Leadership

Here are the luminaries restaurants lost in 2024

The year brought the deaths of such industry standouts as David Bouley, Walt Ehmer, Solomon Choi and Jasper White.
From left: Wayne Johnson, Wally "Famous" Amos, James Kent, Sam Hamra, Solomon Choi.| Photos courtesy of the brands.

Anyone who underestimates the wear and tear of a restaurant career should pay close attention to this list of industry stars who died during the past year. Is it a coincidence five were under age 60, with three of them yet to celebrate their 50th birthday? Two died while on vacation, and a third passed while running to decompress.


Wally “Famous” Amos

cookie czar


Long before there was a Crumbl or an Insomnia, cookie fanatics would indulge their sweet tooth by dropping into a Famous Amos store. The bite-sized chocolate-chip delectables they found were the brainchild of Wally Amos, a former talent agent whose clients included Diana Ross and Marvin Gaye. He’d left the famous William Morris Endeavor agency to form his own stable of stars but found little traction. To console himself, Amos would bake chocolate-chip cookies, using a recipe from his aunt, and distribute them to friends and relatives.

They encouraged him to turn his comfort into a career. Backed in part by Gaye, Amos opened the first Famous Amos cookie shop in 1975 in Los Angeles. The place was such a hit that other units would quickly follow. So did other cookie upstarts, including Mrs. Fields and David’s Cookies. As the boom segment started leaning toward a bust, Amos sold out to Keebler, home of the famous cookie-baking elves.

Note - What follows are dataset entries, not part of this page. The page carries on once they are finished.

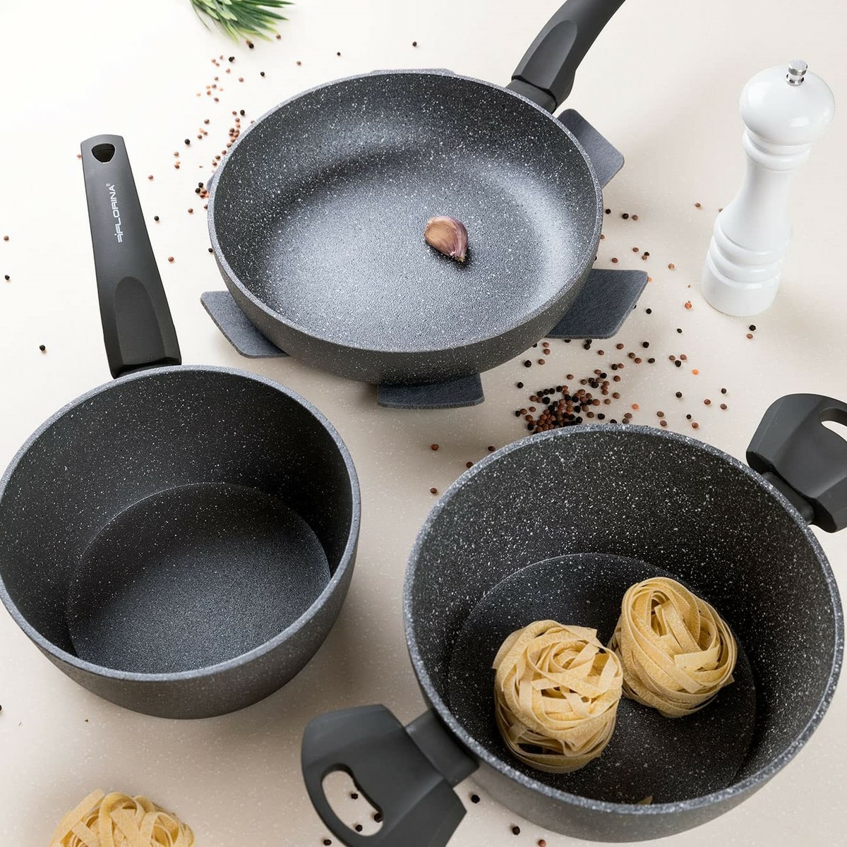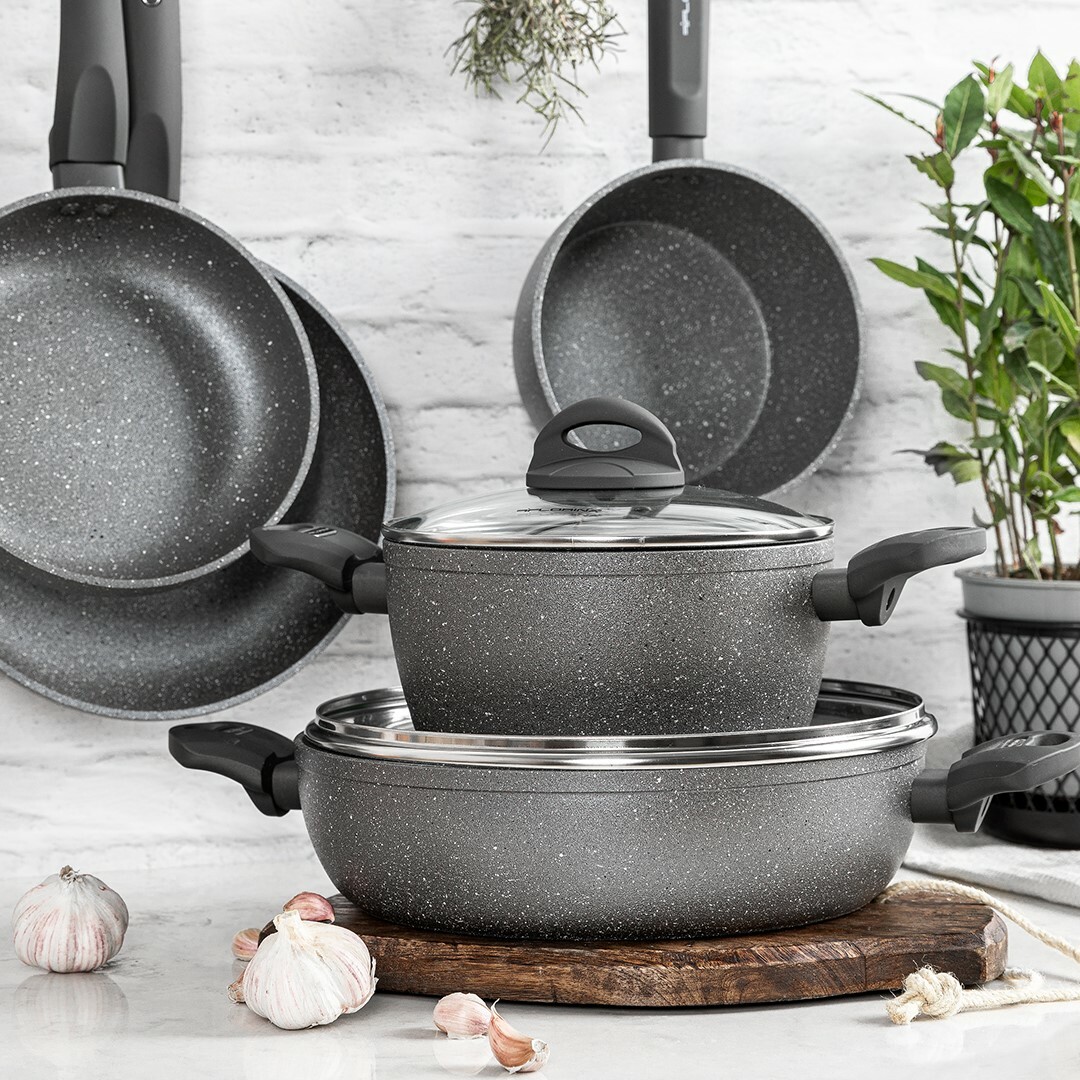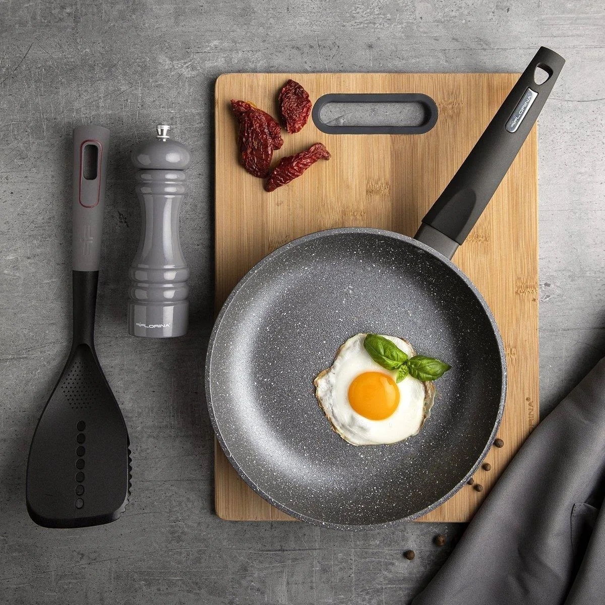 Pánev Lava od značky Florina o průměru 20 cm je ideální volbou pro přípravu větších porcí jídel. Vyrobená je z hliníku s výbornou tepelnou vodivostím, takže se rychle a rovnoměrně zahřívá a její 5vrstvá kamenná povrchová úprava Lava Stone zajišťuje dlouhou životnost, nepřilnavost a vysokou odolnost proti opotřebení. Skvěle se hodí pro smažení masa, ryb, zeleniny nebo přípravu pokrmů pro celou rodinu. Kolekce Lava, vytvořená ve spolupráci se šéfkuchařem Mateuszem Gesslerem, spojuje profesionální kvalitu a moderní vzhled. Pánev má ergonomickou bakelitovou rukojeť s povrchem Soft Touch, která se při vaření nezahřívá a umožňuje bezpečnou manipulaci. Speciální systém Air Cushion vytváří vrstvu horkého vzduchu mezi povrchem a potravinami, což brání připalování a umožňuje vařit s minimálním množstvím tuku. Pro vaše zdraví i bezpečí je povrch pánve zcela bez PFOA, olova a kadmia, takže při vaření nevznikají žádné škodlivé látky. Pánev je vhodná na všechny typy sporáků včetně indukce a díky snadné údržbě vám ušetří čas i práci. Je to robustní a spolehlivý pomocník, který zvládne každodenní používání i náročnější recepty. Hlavní výhody produktu 5vrstvý kamenný povrch Lava Stone pro maximální odolnost rychlé a rovnoměrné zahřívání díky hliníkové konstrukci nepřilnavý povrch pro zdravější vaření s minimem tuku ergonomická rukojeť Soft Touch, která se nezahřívá systém Air Cushion proti připalování potravin bezpečné složení bez PFOA, olova a kadmia vhodná na všechny typy sporáků včetně indukce Obsah balení 1× pánev Lava 20 cm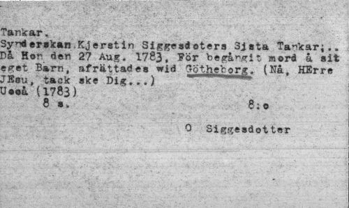 //// rankar, //// 3ynder»kan Kjerstin Siggesdoters Sista Tankar j.. Då Hor den 27 Åug. 1783, För begå^git mord å sit ege t Barn, af rättades wid SSthefcory. (Nå, HBrre JEsu, tack ske Dig...) Uooå (1783) //// 8 s. 8;o //// 0 Siggesdotter ////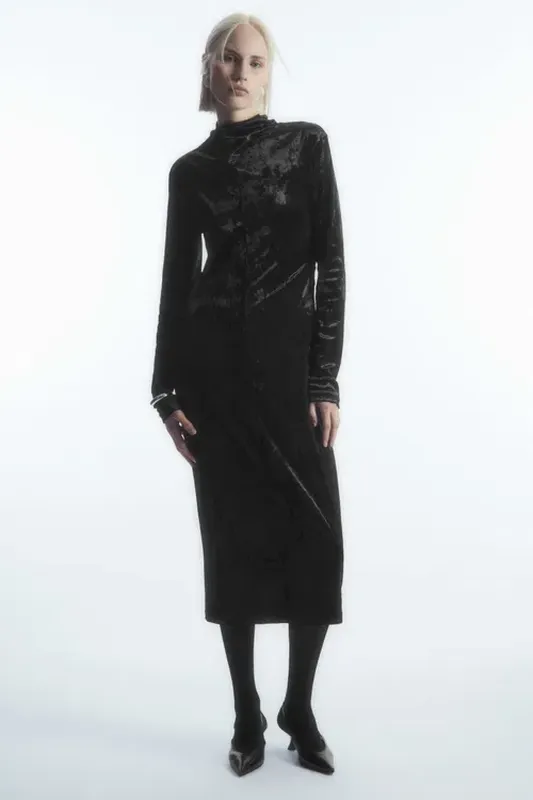 Встретите сезон вечеринок с этим платьем из осенне-зимней коллекции. Она выполнена в классическом черном оттенке из мягкого переработанного бархата с легким эластичным эффектом и хорошо облегает фигуру. Высокий воротник создает мягкие складки, подчеркивающие силуэт, а чрезвычайно длинные рукава легко двигаются на манжетах. Соберите волосы, чтобы подчеркнуть открытую спину. 92% переработанный полиэстер, 8% эластан Номер продукту: 1205117001 S CN 165/88А Плечи 46 см Рукав 70 см ПОГ44 см ПОБ 48 см Длина 126 см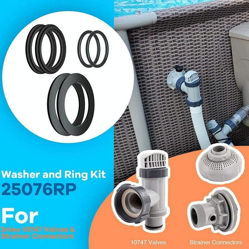 1. Το σετ δακτυλίων μπορεί να αυξήσει την επιφάνεια επαφής μεταξύ του σωλήνα ή του εξοπλισμού της πισίνας και της επιφάνειας της βαλβίδας εμβόλου, αποτρέποντας τη φθορά της επιφάνειας της βαλβίδας εμβόλου Intex. Διορθώνει διαρροές στις συνδέσεις σωλήνα και φίλτρου της βαλβίδας εμβόλου. 2. Το κιτ φλάντζας και δακτυλίων 25076RP είναι κατάλληλο για ανταλλακτικά πισίνας Intex 10747, 25006, 25010, 28633, 28635 και 28621, κ.λπ. Αντικαταστήστε το φίλτρο της πισίνας σας 18 και μεγαλύτερο. 3. Κατασκευασμένο από υψηλής ποιότητας, ανθεκτικό καουτσούκ, κατασκευασμένο για να διαρκέσει. 4. Ταιριάζει σε σύνδεσμο 1-1/2 ιντσών. 5. Κάντε τη συντήρηση της πισίνας σας απλή και εύκολη με τους ελαστικούς δακτυλίους O-ring.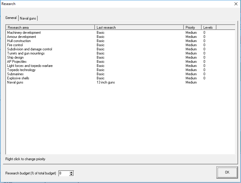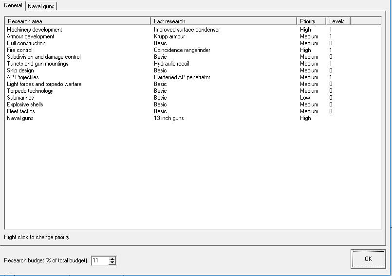 4. Research. Do we want to prioritize any specific areas? Better fire control? Better torpedoes? Submarines? All up to you.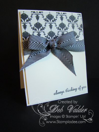 Today's card is very simple and just a great card to go to if you need one in a hurry!  I love clean and simple.  Today with a rush rush world…you need to have things simplified for you but still have that elegant quality.  I love Stampin' Up!'s quality.  It's one of the reasons I started stamping with them 14 years ago.  So today is clean, simple, elegant with quality product.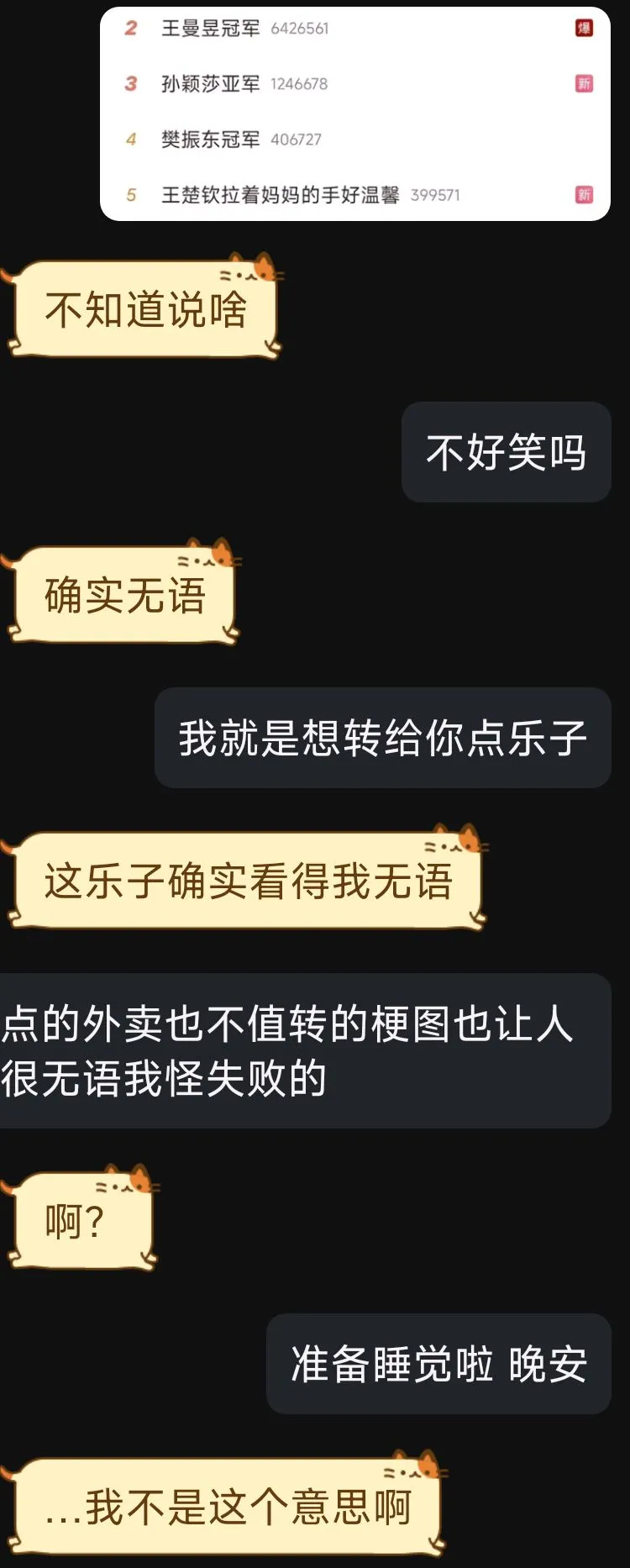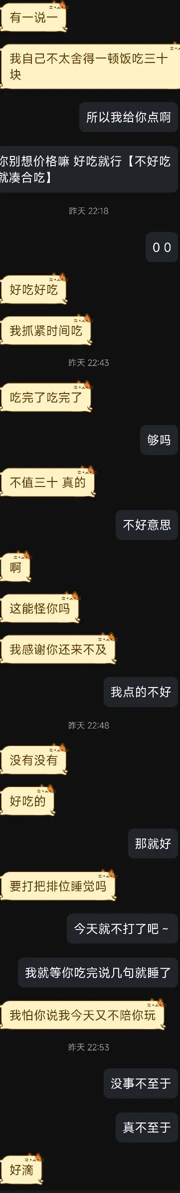 然后他昨晚比較忙所以樓主想讓他高興一點(diǎn)早點(diǎn)休息,就給他點(diǎn)了外賣(mài),給他分享了看到的有意思的圖,聊天記錄如p3p4,因為他這個(gè)回應方式樓主也有點(diǎn)難過(guò)就是覺(jué)得好像自己做的什么都不好,然后后面樓主感覺(jué)不對趕緊給他打電話(huà)就發(fā)現他心態(tài)炸了,他覺(jué)得我老是動(dòng)不動(dòng)就生氣,他不知道怎么跟我說(shuō)話(huà)怎么和我交流,但是我感覺(jué)就算普通朋友幫忙點(diǎn)了個(gè)外賣(mài)難道說(shuō)不值這個(gè)價(jià)錢(qián)聽(tīng)起來(lái)就很正常了嗎……我現在也不知道怎么辦好了,所以請各位jr評價(jià)一下,麻煩友好討論謝謝??!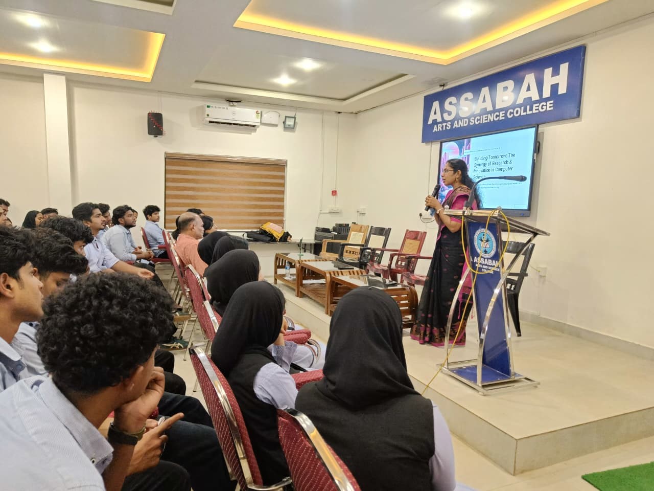 The Department of Computer Applications of Assabah Arts and Science College, in collaboration with the Institutions Innovation Council (IIC), organized a talk titled “Building Tomorrow: The Synergy of Research and Innovation.” The event commenced with a welcoming address that set the tone for the college's strive to attain research and innovation responsibility. The Principal, Prof. M.N. Mohammed Koya, highlighted the importance of integrating research and innovation to inspire students to explore the transformative potential of research and innovation in shaping future technological advancements. The event was part of the institution’s ongoing efforts to nurture a research mindset among students and enhance their exposure to evolving academic and industry trends.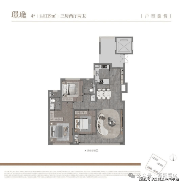 ①119㎡三房两厅两卫(4号楼中间户):刚需上车首选,但私密性有短板。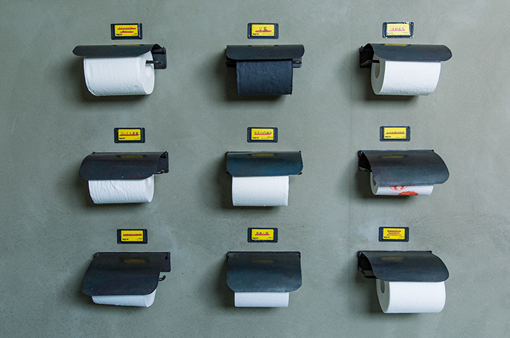 スタンダードな「無難人間」、真っ黒のペーパー「V系」など幅広い好みに対応していますトイレには常時9種類のトイレットペーパーを用意しています。お尻に合った“推しペーパー”を一途に使うも良し、その日の気分で選ぶも良し、山根セレクトの中からお好きなものを使ってください。ちなみに、エコを推進する花岡は10cm程度でお尻を拭くことができます。

He died this summer from complications of dementia at age 88.


David Bouley

chef at Montrachet, Bouley
 

David Bouley’s name was synonymous with fine dining in New York City for more than 40 years, cooking in such landmarks as Le Cirque and La Cote Basque. But Bouley would not become widely known among younger foodies until he teamed up with a then-unknown entrepreneur named Drew Nieporent to open a French restaurant called Montrachet in 1985.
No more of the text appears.